I like my idea of everyone getting 100 points to allocate, and I hate everyone else's ideas. Actually I'm Neutral on yours but I'm being tactical here. Volunteer Marek  18:03, 6 October 2011 (UTC)[reply]

A tactically-minded voter would invest all 100 points (or at least 90 of them) into a single candidate. --Michaeldsuarez (talk) 19:07, 6 October 2011 (UTC)[reply]

Not necessarily. Ever heard the phrase "don't put all your eggs in one basket" or "portfolio diversification"? Roughly speaking you would want to allocate your points to where they make the most difference. So you wouldn't put them into any candidate that is sure to win nor any candidate that is sure to loose.

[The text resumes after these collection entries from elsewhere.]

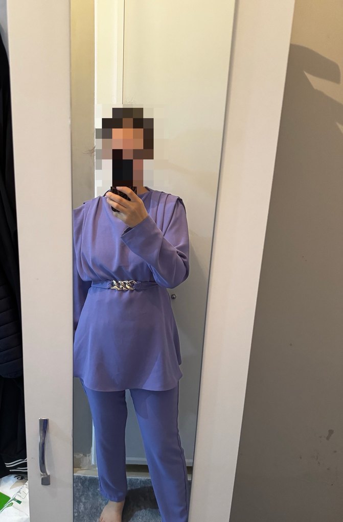 Mor renkli, yüksek yakalı ve uzun kollu kadın takım elbisesi, ipeksi kumaştan, normal kesim ve midi boyda. Minimalist, desensiz tasarımıyla ofis için şık ve rahat bir seçenek sunar.
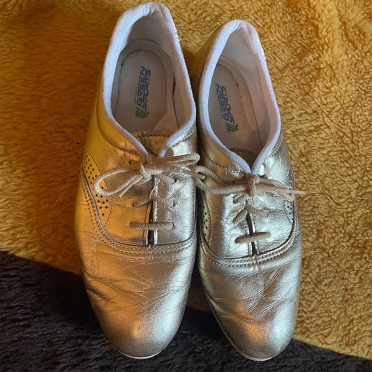 vtg 80s GOLD LEATHER SHOES // vintage lace up keds style metallic sneakers shiny autumn retro style fashion casual comfy granny core loafers
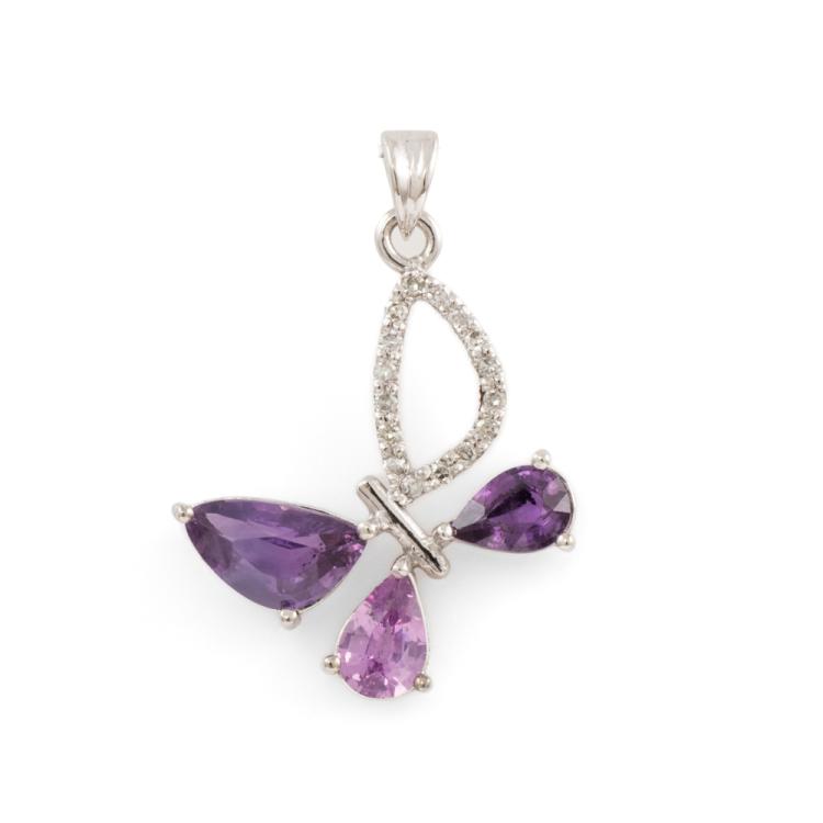 Butterfly design pendant with pear & fancy shape pink & purple unheated Ceylon Natural Sapphire totalling 1.95ct (Note: one Sapphire tested only) and round Natural Diamonds totalling 0.19cts. 14ct white gold. No chain provided. Weight: 1.6g. With GGTL Report #206197. (As new)

The second one is ok, since that's a self-confirming expectation, but the first one would imply, that if your beliefs are shared by others, the sure-to-win candidate is going to loose (actually there's probably multiple expectational equilibria and the like, but I'm just guessing here). Volunteer Marek  20:10, 6 October 2011 (UTC)[reply]

I don't think there's necessarily anything wrong with the current voting system (at least, I believe it's been mathemtically proven that there must necessarily be something wrong with any voting system), as long as we explain it properly (make it clear in the instructions that you can double the power of your vote, should you wish to, by making use of the "oppose" column), and as long as we don't conclude from the fact that someone got less than x% for S/(S+O) that they only have the trust of x% of the community, as we might at RfA.--Kotniski (talk) 19:13, 6 October 2011 (UTC)[reply]

Arrow's impossibility theorem and Gibbard–Satterthwaite theorem though it all goes back to the Condorcet paradox. Volunteer Marek  20:10, 6 October 2011 (UTC)[reply]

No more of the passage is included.